Under the approval of the institutional review board, 18 patients with 20 brain metastases were retrospectively studied in our research. The volume of PTV ranges from 0.41 cc to 11.71 cc (mean 3.76 ± 2.81 cc). For comparison, the prescription dose of these patients is identical with 50 Gy delivering in ten fractions. The plans were performed in Pinnacle treatment planning system version 9.1 (Philipps Healthcare, Best, Netherlands). The planning CT data were scanned by a Somatom Definition AS 40 (Siemens Healthcare, Forchheim, Germany) or Brilliance CT Big Bore (Philips Healthcare, Best, Netherlands) with 2 mm thickness. All plans were created on an Edge radiosurgery system (Varian Medical System, Palo Alto, CA, USA) which is a linear accelerator system specially designed for high accuracy radiosurgery with extra‐fine 2.5 mm MLC leaves for beam shaping.

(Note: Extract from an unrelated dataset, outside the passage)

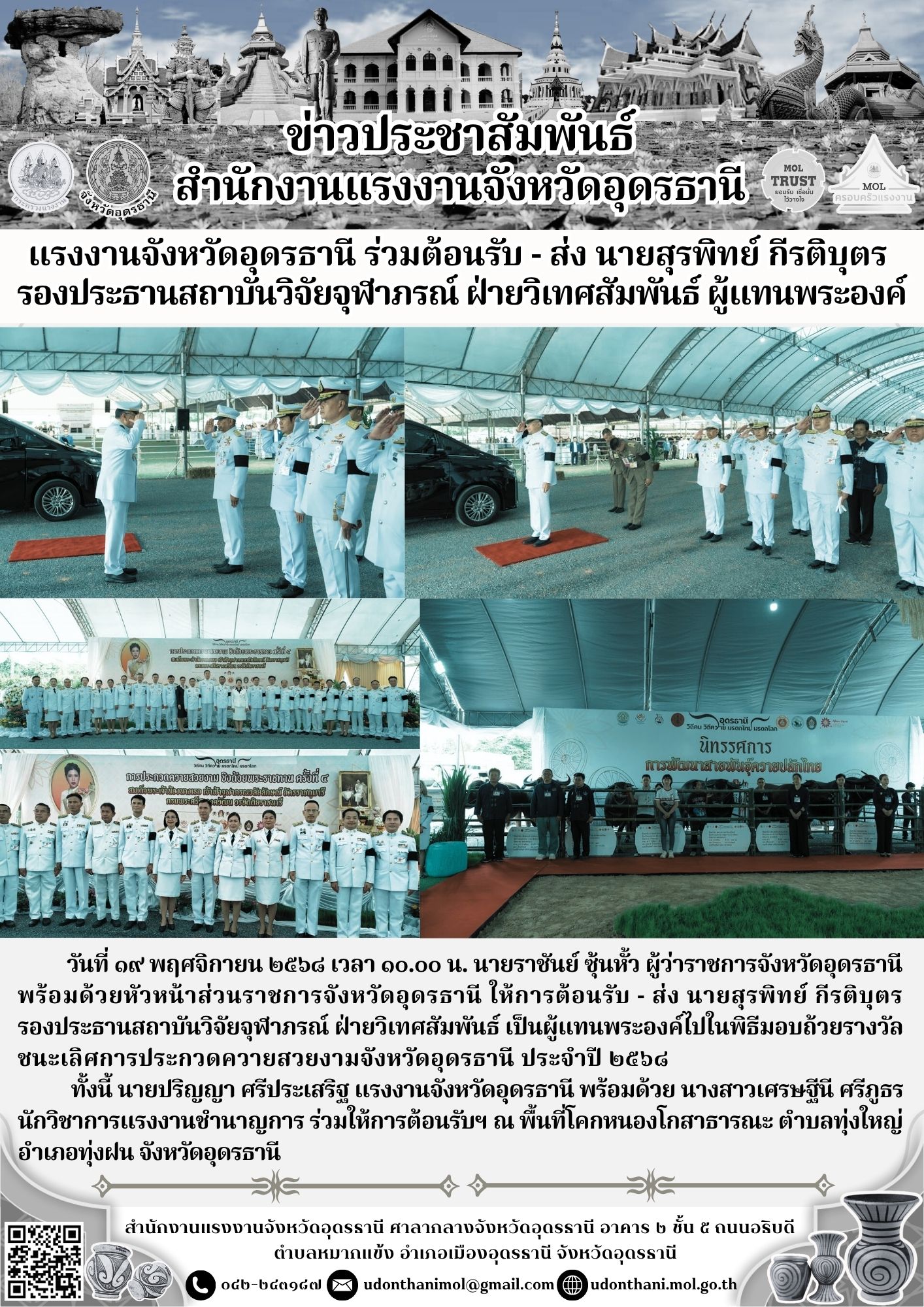 แรงงานจังหวัดอุดรธานี ร่วมต้อนรับ – ส่ง นายสุรพิทย์ กีรติบุตร รองประธานสถาบันวิจัยจุฬาภรณ์ ฝ่ายวิเทศสัมพันธ์ ผู้แทนพระองค์
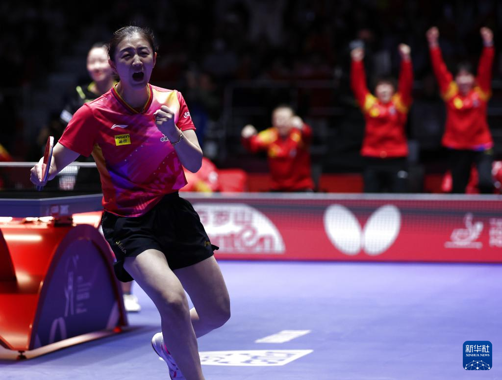 当日,在韩国釜山进行的2024年国际乒联釜山世界乒乓球团体锦标赛女子团体决赛中,中国队3比2战胜日本队,获得冠军。

For each tumor, two arcs using VMAT technique were used for planning. As recommended in RTOG 0320/9508 for SRS, 50–90% IDL should encompass the margin of the metastases,19, 20 and IDLs lower than 50% is not commonly used in clinical practice in linac‐based VMAT. Therefore, five plans with varying IDL of 50%, 60%, 70%, 80%, and 90% were optimized for each tumor. This is realized by constraining the volume of 50% prescription dose (which means “Max DVH” of 25 Gy in Pinnacle system) in normal tissue encompassing the PTV in the inverse optimizer and keeping other parameters the same. During planning, flattening filter free (FFF) mode was utilized with maximum dose rate of 1400 MU/min, and 0.2 mm fine grid was used for dose calculation. For comparing, all plans were normalized to the same prescription dose and guarantee identical 98% coverage of PTV by prescription dose.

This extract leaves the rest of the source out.